Given that the choice overload phenomenon was observed in less consequential choice-making contexts (i.e. when choosing jams and chocolates), to what extent might it also hold for major life decisionmaking situations? To test its presence in more consequential decisionmaking, we examined employees' decisions about whether—and how much—to participate in the 401(k) retirement benefit plan offered to them by their employers. The ramifications of employee investment decisions are potentially life-changing. Contributions to the 401(k) protect employees' income from being taxed, thus allowing employees to save more for their retirement. Moreover, employers often match employee contributions to the 401(k). One might have predicted participation rates to be at an all-time high, given the plethora of options available to employees and the ease with which many employees can transfer funds using the Internet. In fact, from 1998 to 2001, the average 401(k) plan has boosted its available investment options by 21 percent (Mottola and Utkus, 2003).

A Hewitt Associates survey as cited in The Washington Post shows that participation in 401(k) plans dropped to 68.2 percent of workers at the end of 2002, from 71 percent a year earlier (Washington Post, 2003). Additionally, the average 401(k) participant contributes less than 7 percent of pre-tax salary, even though financial advisors encourage a contribution of 10 percent or more of pre-tax salary (Financial Planning Association, 2002). Why are participation rates so low, despite an ever-increasing array of plan offerings? Could it be that the provision of more 401(k) plan options does not have a positive effect on employee willingness to participate in a plan? Instead, does the consequentiality of the investment decision, combined with employee intimidation by the complex details of the various plan offerings, contribute to a pronounced choice overload effect, resulting in a greater likelihood of investors choosing not to choose?

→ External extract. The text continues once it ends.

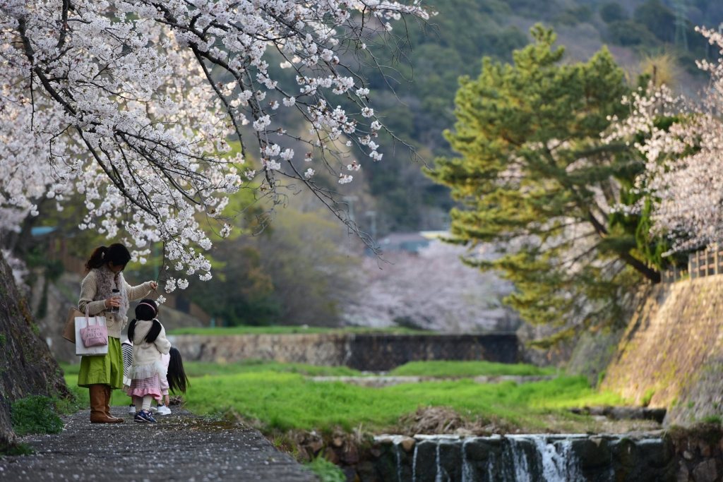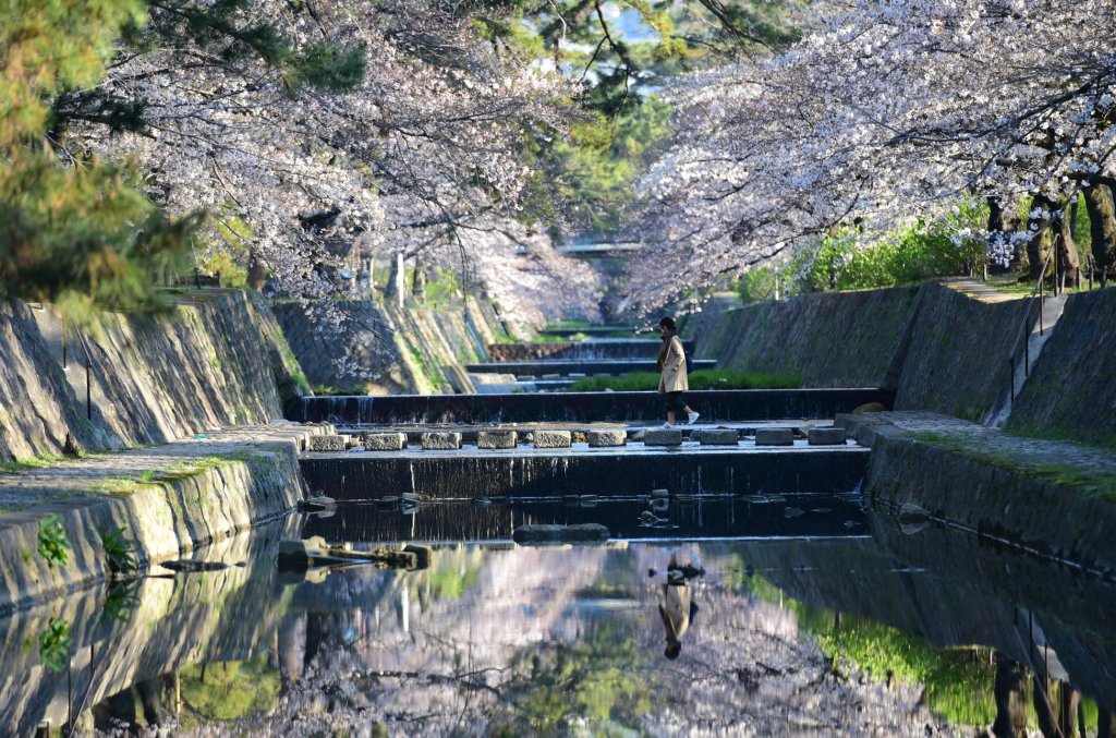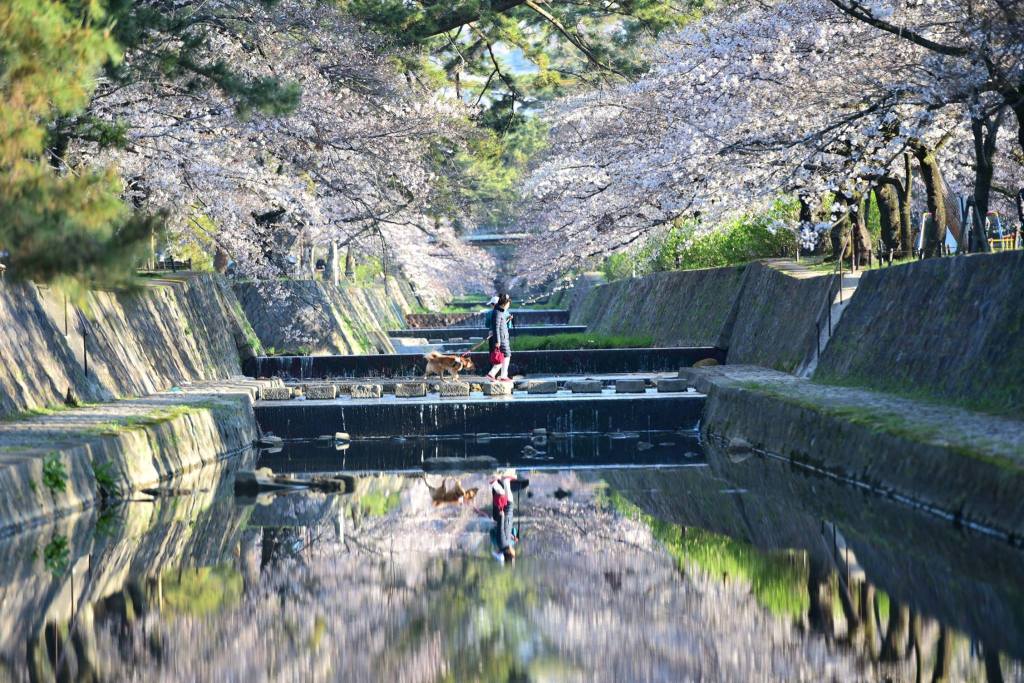 ริมฝั่งคลอง มีต้นซากุระ ให้เดินชมขึ้นไปได้เรื่อยๆ

We test this hypothesis by examining 401(k) participation rates among clients of the Vanguard Group, an investment management company. The firm provided records of contributions to 401(k) plans at both the plan and individual levels for the year 2001. We identified employees as participants in the 401(k) plans if they contributed any part of their salary to the plan. We made no distinctions among participants based on the amount they contributed as long as it was above $0. Those employees who chose not to contribute any part of their salary to a 401(k) were designated non-participants. The sample included 926,104 records for 899,631 employees of 647 plans in 69 industries. We excluded any employee hired after January 1, (p.88) 2001 (10 percent), who was less than 18 years old (0.02 percent), or whose annual salary was less than $10,000 or above $1,000,000 (7.51 percent), leaving an analysis group of 793,794 people. The records identified 442,544 of these people as male and 264,471 as female, and the mean age was 43. The mean and median salaries were $61,150 and $47,430, respectively. Over 71 percent of the employees contributed positive amounts to tax-deferred accounts in 2001, and 75 percent of the accounts had positive balances in tax-deferred accounts. The savings rate was 5.2 percent, and 12.2 percent of 401(k) participants contributed the maximum amount in 2001 (which was an annual limit of $10,500).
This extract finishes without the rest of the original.